---------- RECORDS PROVIDED
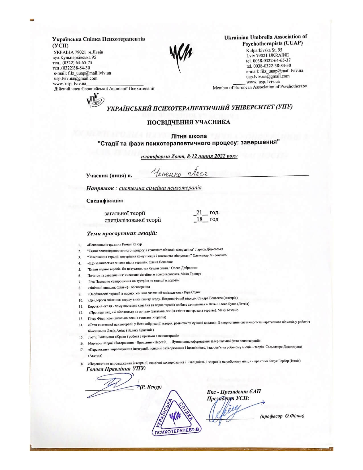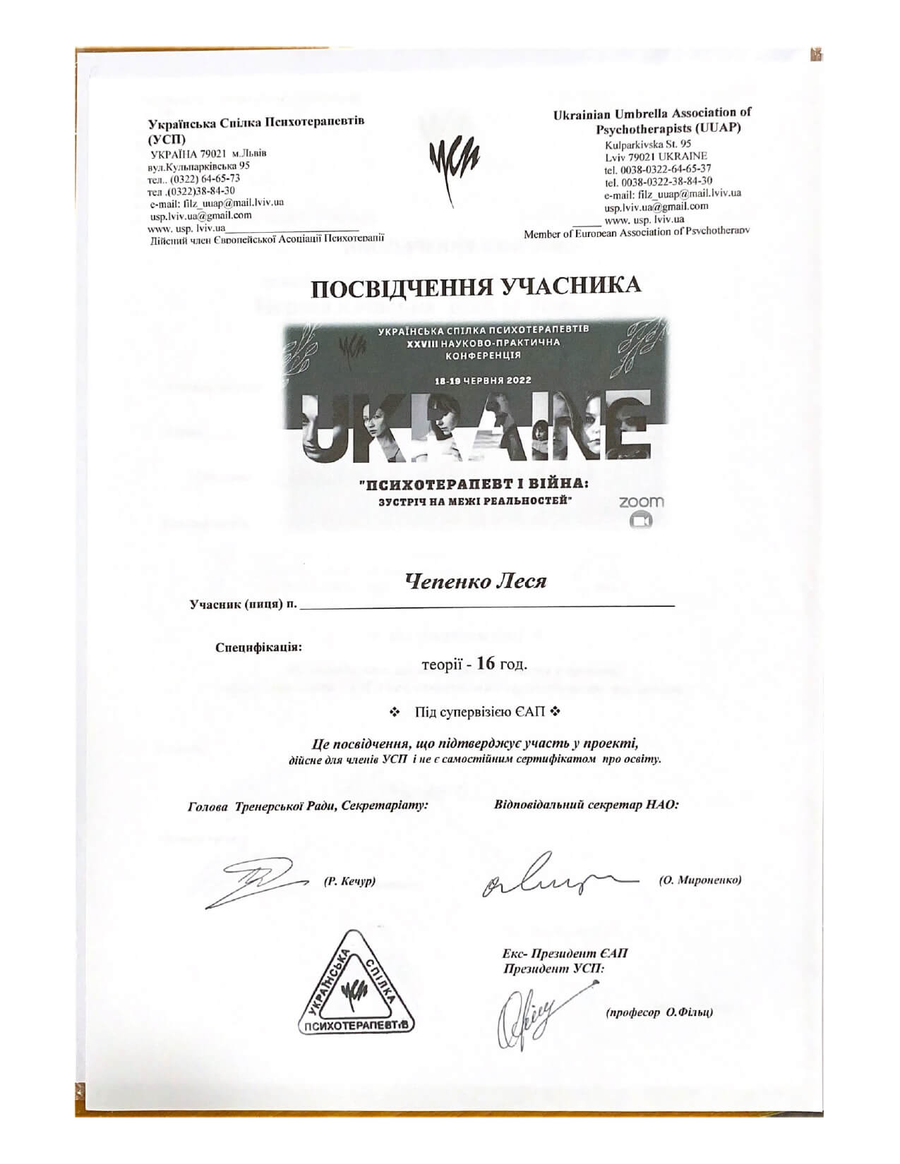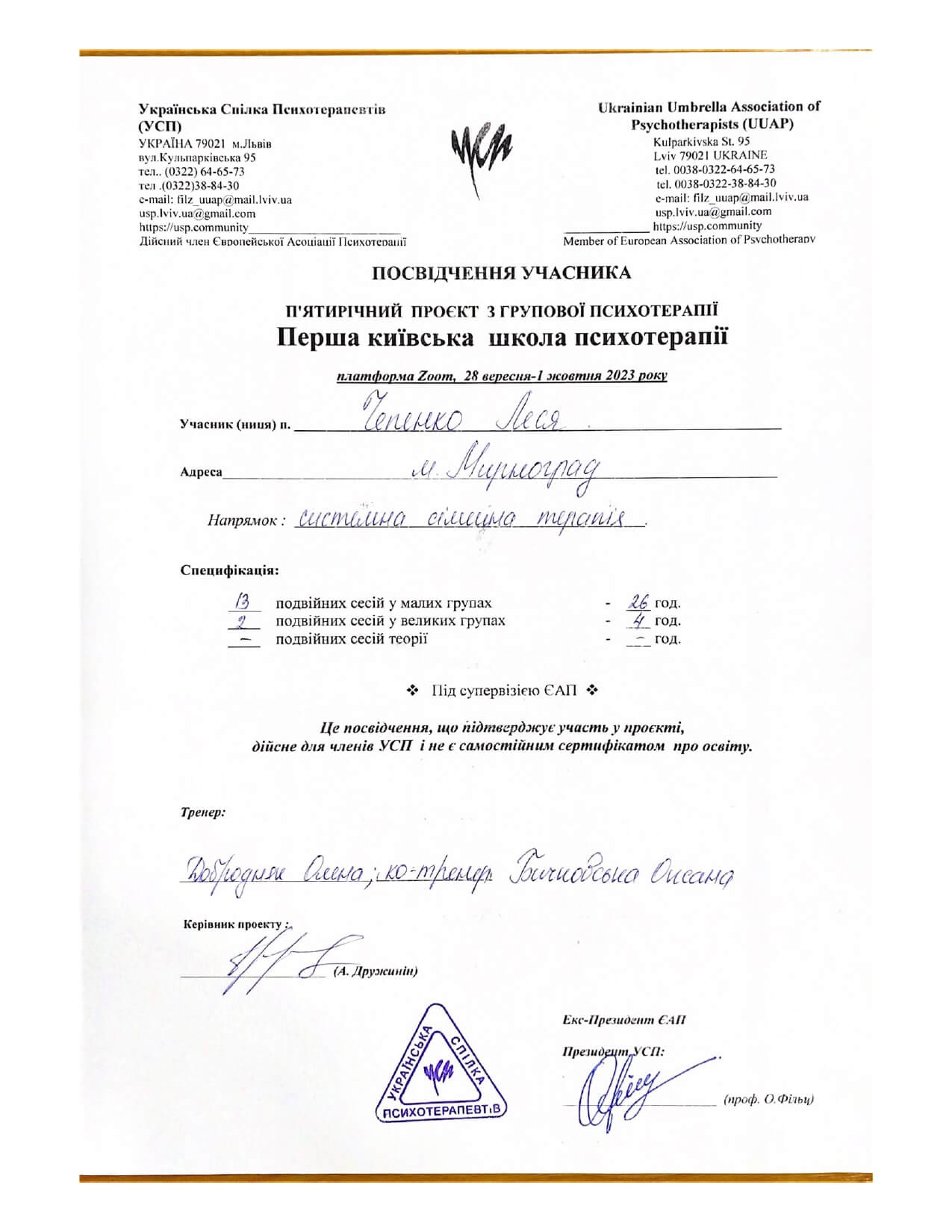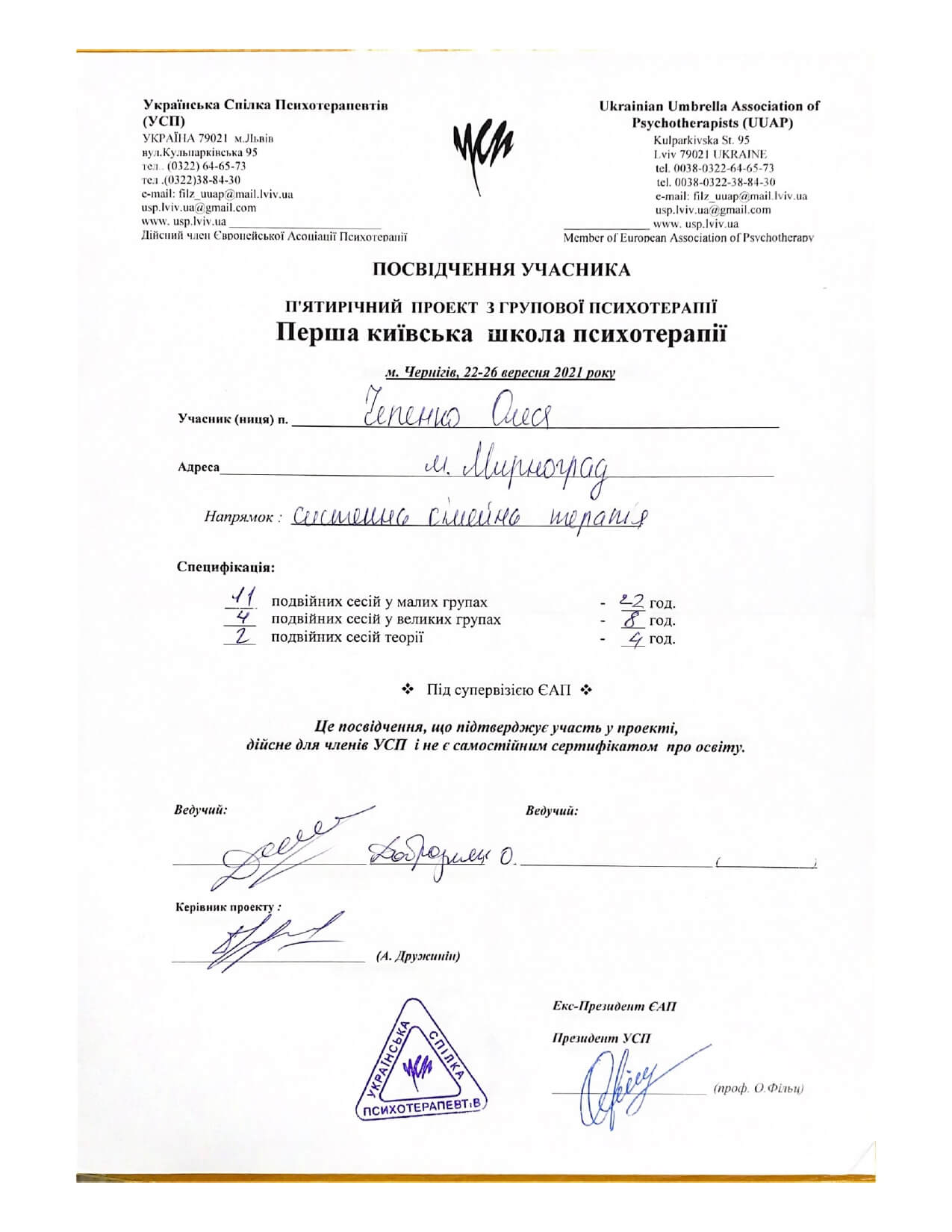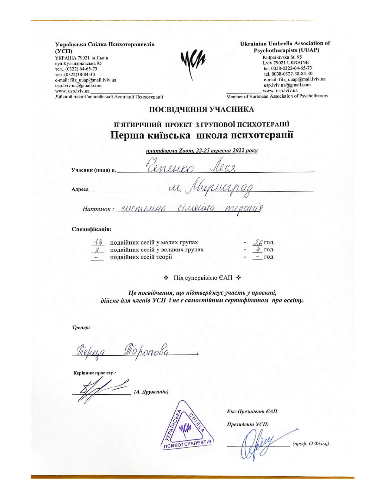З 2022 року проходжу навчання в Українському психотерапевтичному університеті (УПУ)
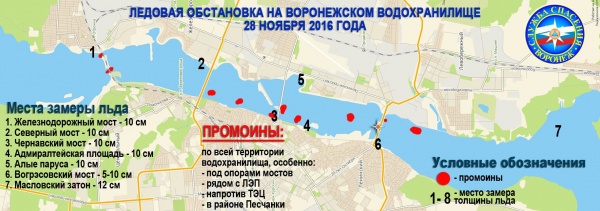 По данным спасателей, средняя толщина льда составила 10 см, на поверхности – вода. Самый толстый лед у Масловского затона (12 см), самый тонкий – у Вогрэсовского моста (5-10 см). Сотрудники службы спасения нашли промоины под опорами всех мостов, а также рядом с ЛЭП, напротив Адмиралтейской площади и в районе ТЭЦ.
--------------------
---------- RECORDS PROVIDED
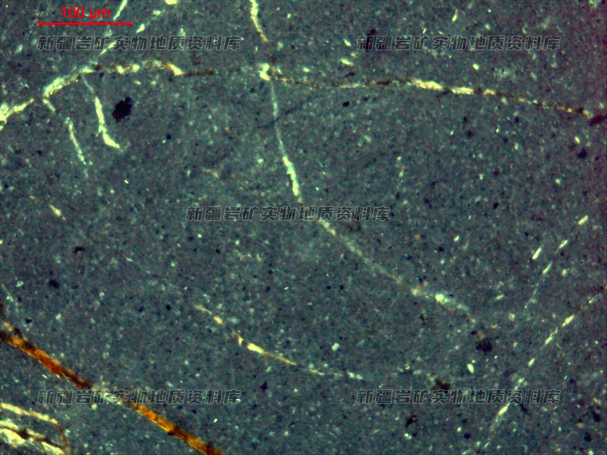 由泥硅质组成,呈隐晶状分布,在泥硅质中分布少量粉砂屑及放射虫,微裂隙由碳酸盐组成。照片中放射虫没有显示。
--------------------
EXERCISE - Return word for word the lines of the listing above, starting at the line with "З 2022 року" and ending at the line with "По данным спасателей, средняя", both included. Pictures do not belong in the copy.

ANSWER FOR THIS EXERCISE -
З 2022 року проходжу навчання в Українському психотерапевтичному університеті (УПУ)
 По данным спасателей, средняя толщина льда составила 10 см, на поверхности – вода. Самый толстый лед у Масловского затона (12 см), самый тонкий – у Вогрэсовского моста (5-10 см). Сотрудники службы спасения нашли промоины под опорами всех мостов, а также рядом с ЛЭП, напротив Адмиралтейской площади и в районе ТЭЦ.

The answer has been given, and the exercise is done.